Yesterday afternoon, Laura Burhenn of The Mynabirds and now also of Bright Eyes, posted a photo on her Facebook page of her with Norman the Dog taken shortly after yesterday’s taping of BE’s performance on The Late Show with David Letterman. Laura called Norman “the show’s biggest talent,” and other than her band, she was right. Norman, a big shaggy lovable hound, stood on a scooter and pushed it across the studio floor — two paws on handlebars, one paw on scooter, and No. 4 pushing him along. It was part of a Stupid Pet Tricks package that included a border collie that could cook breakfast (an Eggo waffle). The only other part of the show I didn’t fast-forward through was Letterman berating comments from Sen. Rand Paul after coming off of a commercial break, saying how he didn’t understand how anyone could take away collective bargaining while giving tax breaks to “fat cats.” Amen, brother Letterman.
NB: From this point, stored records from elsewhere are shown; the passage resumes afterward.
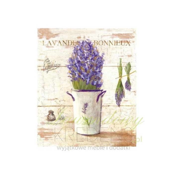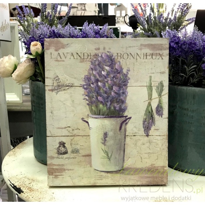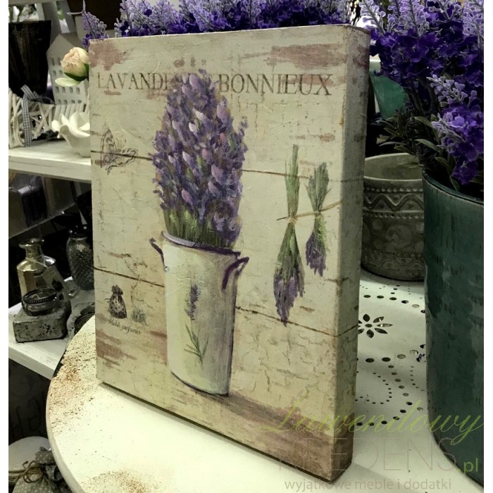 Prostokątny obrazek z lawendą wyglada jak ogrodowa aranżacja i przedstawia świeżą lawendę w białym wiaderku oraz motyla. Obraz malowany na drewnie jest postarzony, co jeszcze bardziej wzmacnia styl prowansalski. Jasne tło kremowe doskonale komponuje się z fioletowymi kwiatami. Lawendowe dekoracje takie jak obrazki z lawendą doskonale pasują do kuchni.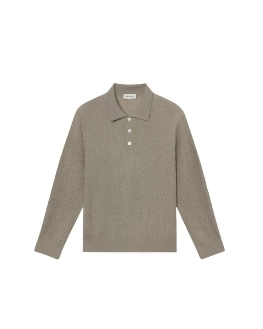 Frame Long Sleeve Polo Jumper pairs a classic polo neckline with a clean, timeless silhouette in a wool knit, ideal for cool-weather layering and smart-casual outfits. Key attributes: Grey | Warm grey | Wool | Breathable knit | Functional button closure | Classic polo neckline | Long sleeves | Ribbed cuffs and hem | Timeless silhouette | Dimensions & fit: Length: 24.75 in / 63 cm (size M) | Sleeve: 33 in / 84 cm (size M) | Chest: 41.75 in / 106 cm (size M) | True to size | Composition & care: 100% wool | Dry clean. Colour: grey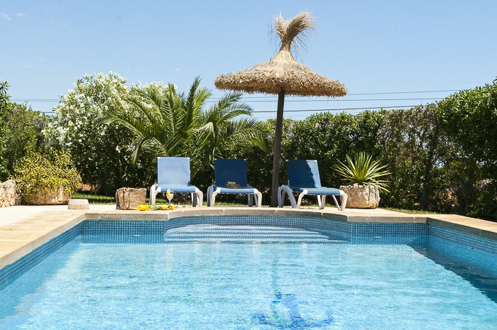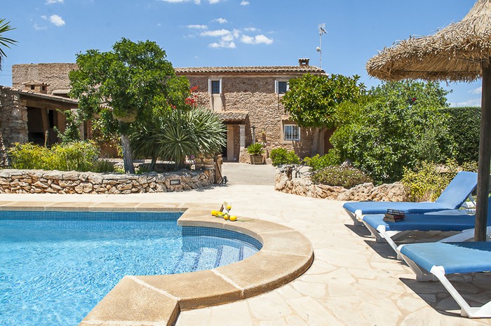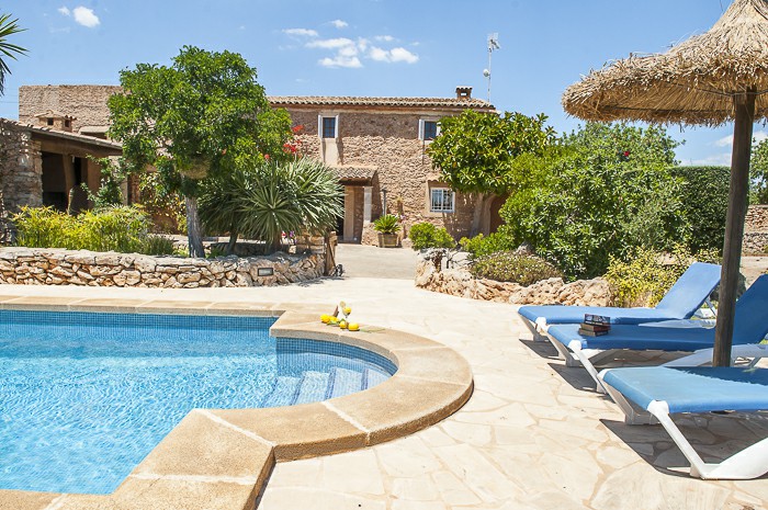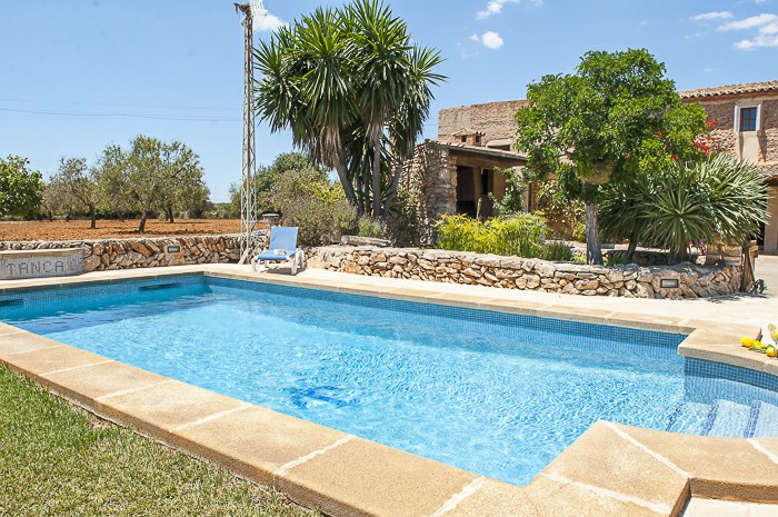 Tanca Nova for 8 persons is a traditional Mallorquin house, located between the small town of S'Horta and the tourist resort Cala D'Or with great sandy coves. The private pool is screened from the neighouring countryside by bushes and trees.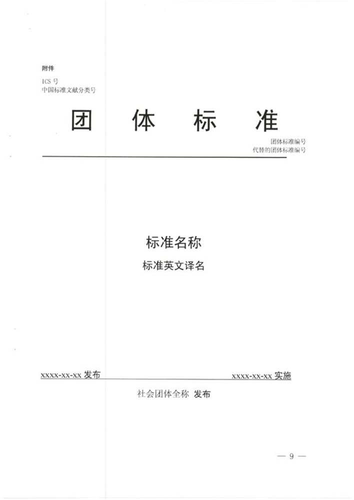 團體標準的封面格式應(yīng)當符合要求,具體格式見附件。
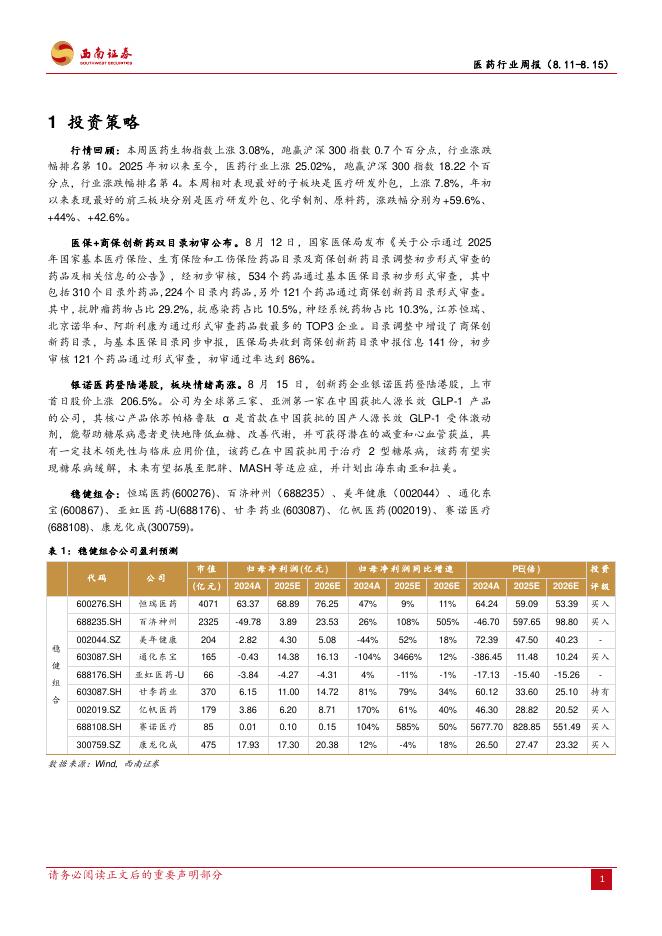 西南证券:医药行业周报:双保创新药目录初审公布,创新药板块情绪高涨.pdf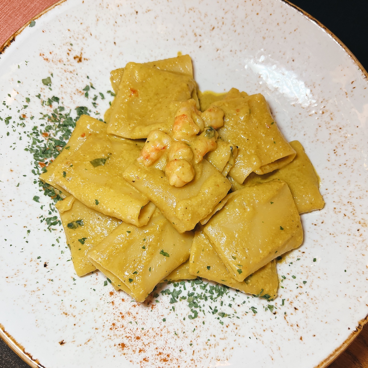 Lasagnola del pescatore (lasagne du pêcheur) : crevettes, poisson blanc et radicchio de Trévise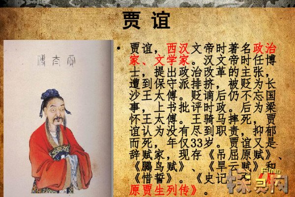 贾谊在汉文帝时期担任朝廷中的博士,但因为受到大臣周勃和灌婴的排挤,最后被贬谪为长沙王太傅,他在三年后被梁怀王所重用,结果梁怀王坠马而死,他因为深感内疚也抑郁身亡。贾谊的主要作品有散文和词赋两大类,散文以政论文为主,风格朴实,议论酣畅,词赋全部为骚体,形式呈散体化。
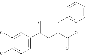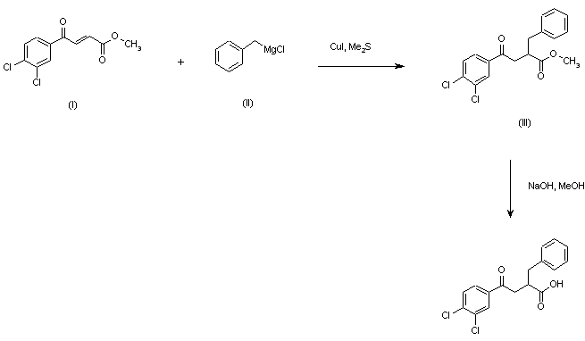 Conjugate addition of benzylmagnesium chloride (II) to unsaturated ketone (I) in the presence of cuprous iodide-dimethyl sulfide complex afforded the 2-benzyl derivative (III). Then, the ester function was saponified with NaOH in MeOH to give the title acid. Resolution of the enantiomers was effected by fractional crystallization of the ephedrine salts.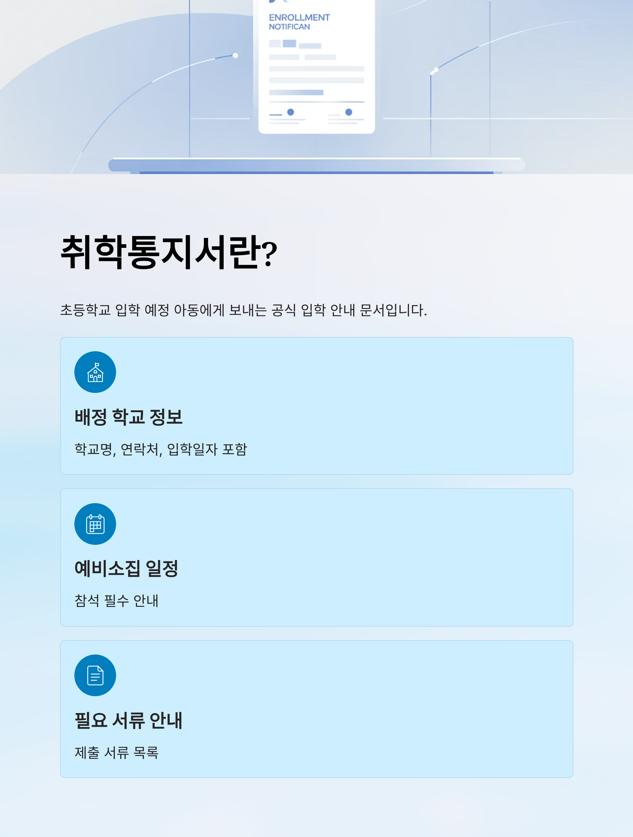 취학통지서는 관할 행정기관이 초등학교 입학 예정 아동에게 보내는 입학 안내 공식 문서입니다.

As for the BE performance, these things have become old hat for Conor and Co. A little bird told me Wednesday night that, due to time constraints, they’d be performing “Jejune Stars” off the new album (which Letterman held up in its vinyl format, the sleeve looking irredescent in the studio light), and sure enough that’s what they tore up on stage. Everyone did fine, and the sound was good (as you’ll see on the YouTube version). Laura mostly provided backing vocals as it appeared that Nate Walcott handled most of the keyboard chores. The star of the performance was Clark Baechle, looking like a cross between Anthony Jr. of the Sopranos and Matthew Sweet. Percussion drives this song, and the camara knew it, often focusing on Clark during the frenetic chorus breaks. Very nice, indeed. Next stop for Bright Eyes is kicking off the North American tour next Tuesday night in Miami with Cursive.

The website twentyfourbit.com has compiled a nice online retrospective of Bright Eyes TV performances over the years. Check it out.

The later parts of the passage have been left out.